The Times 20/09/18 | Vox Markets

The Times 20/09/18

Peter Long steps down at Royal Mail. Chairman stands down after investor pay revolt. Peter Long has stood down as chairman of Royal Mail (RMG) only two months after suffering one of Britain’s biggest ever shareholder rebellions over pay and his other corporate commitments. Royal Mail announced yesterday that Mr Long would stand down with immediate effect after he reviewed his board appointments and concluded that it was “no longer possible” for him to remain. He also will step down as executive chairman of Countrywide (CWD), the embattled estate agency group.

Tesco’s Drastic Dave brings back Slasher Jack. New discount stores aim to hit rival German discounters where it hurts – at the checkouts. In advance of the opening of the first two Jack’s stores today, Dave Lewis, Tesco (TSCO) chief executive, claimed that the new discount stores would offer the “cheapest products in town” and were exactly what Sir Jack Cohen, Tesco’s founder, “would have wanted and what he would have done”.

The vehicle hire company seen as the go-to choice of “white van man” has suffered an embarrassing defeat in a vote over pay at its annual meeting. Shareholders speaking for almost 58% of Northgate (NTG) voted against the hire group’s pay report at Tuesday’s annual meeting after it tried to scrap the link between executive bonuses and the company’s earnings per share. Investors argued that if they were to suffer lost earnings, so, too, should directors.

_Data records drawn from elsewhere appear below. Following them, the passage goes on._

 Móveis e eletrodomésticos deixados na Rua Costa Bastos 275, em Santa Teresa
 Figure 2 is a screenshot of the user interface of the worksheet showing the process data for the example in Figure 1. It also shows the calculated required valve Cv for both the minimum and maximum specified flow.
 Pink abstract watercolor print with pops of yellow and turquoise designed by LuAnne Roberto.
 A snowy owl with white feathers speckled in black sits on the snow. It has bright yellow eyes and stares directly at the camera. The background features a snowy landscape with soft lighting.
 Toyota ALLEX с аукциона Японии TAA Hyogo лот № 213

Kingfisher springs a profit leak with home improvement still not finished. Declining profits at Kingfisher (KGF) and the departure of a key executive have triggered concerns about its turnaround plan and ability to hit full-year forecasts. The DIY group behind the B&Q and Screwfix chains yesterday announced a 30.1% drop in pre-tax profit to £281 million for the six months to the end of July.

Stalling rail growth hits Stagecoach. Stagecoach Group (SGC) has suffered a slowdown in growth on its East Midlands Trains franchise and a drop in revenues from London buses. The transport operator said yesterday that like-for-like revenue growth on East Midlands from May to August had slowed to 2.1%, down from 3.5% in the previous financial year. It also fell to  5.3% in its Virgin Trains venture, which operates services on the west coast main line between London Euston, Birmingham, the northwest and Scotland.

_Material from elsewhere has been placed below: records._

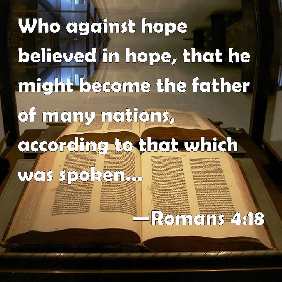 Choose a Background Romans 4:18 Who against hope believed in hope, that he might become the father of many nations, according to that which was spoken, So shall your seed be. KJV: Who against hope believed in hope, that he might become the father of many nations; according to that which was spoken, So shall thy seed be. DRB: Who against hope believed in hope; that he might be made the father of many nations, according to that which was said to him: So shall thy seed be. DBT: who against hope believed in hope to his becoming father of many nations, according to that which was spoken, So shall thy seed be: ERV: Who in hope believed against hope, to the end that he might become a father of many nations, according to that which had been spoken, So shall thy seed be. WBT: Who against hope believed with hope, that he should become the father of many nations; according to that which was spoken, So shall thy seed be. WEB: Who in hope believed against hope, to the end that he might become a father of many nations, according to that which had been spoken, "So will your seed be." YLT: Who, against hope in hope did believe, for his becoming father of many nations according to that spoken: 'So shall thy seed be;'Links Romans 4:18 NIV • Romans 4:18 NLT • Romans 4:18 ESV • Romans 4:18 NASB • Romans 4:18 KJV • Romans 4:18 Interlinear • Romans 4:18 Commentaries • Romans 4:18 Parallel Texts • Romans 4:18 Bible Apps • Romans 4:18 Parallel • Bible Hub |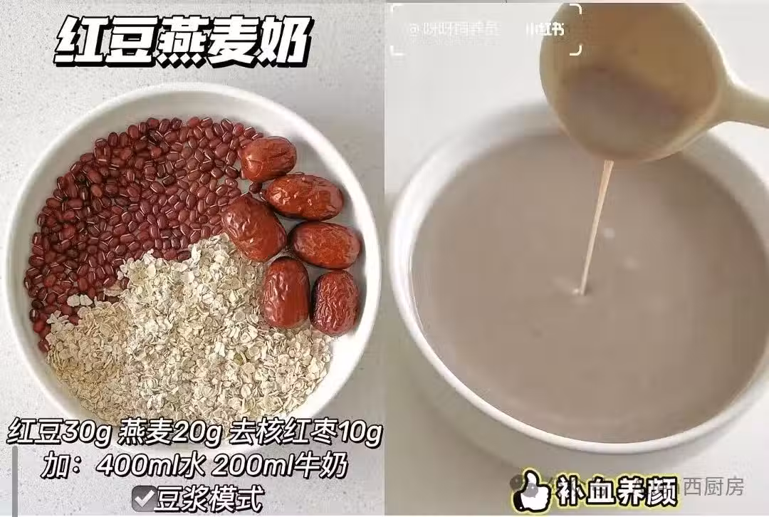 紅豆燕麥奶 - 食材:紅豆30g、燕麥20g、去核紅棗10g - 液體:400ml水、200ml牛奶 - 製作模式:豆漿模式 - 功效:紅豆有補血、利水消腫的作用;燕麥富含膳食纖維,能降低膽固醇、增加飽腹感;紅棗可補氣養血。牛奶補充優質蛋白與鈣。此飲品具有補血養顏的功效,適合氣血不足的人群,有助於改善氣色。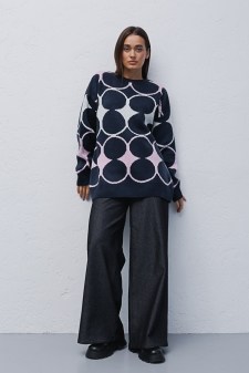 в`язаної модної кофти від українського виробника "Аржен" вкраде твоє серденько в новому сезоні! Модель у стилі оверсайз виконана з машинної в`язки лицьовою гладдю із ниток трьох кольорів та прикрашена геометричними візерунками, які візуально ділять виріб на три широкі смуги і разом створюють незвичайний візуальний ефект. Прямий низ та довгі рукави закінчуються однотонними манжетами, а кругла горловина обшита однотонною бейкою з тонкою гумкою по краях. Плечі в кофтинці подовжені. Обирай

ITV hopes partner will help it come on stream. ITV (ITV) is in talks with potential partners for its planned British streaming service and hopes to agree an outline deal over the coming months. Dame Carolyn McCall, its chief executive, said yesterday that she was aiming to have drawn up a battle plan to counter Netflix and Amazon Video by February, when ITV publishes its annual results. “We’re working through a number of plans, but it depends on who we partner with,” she told investors.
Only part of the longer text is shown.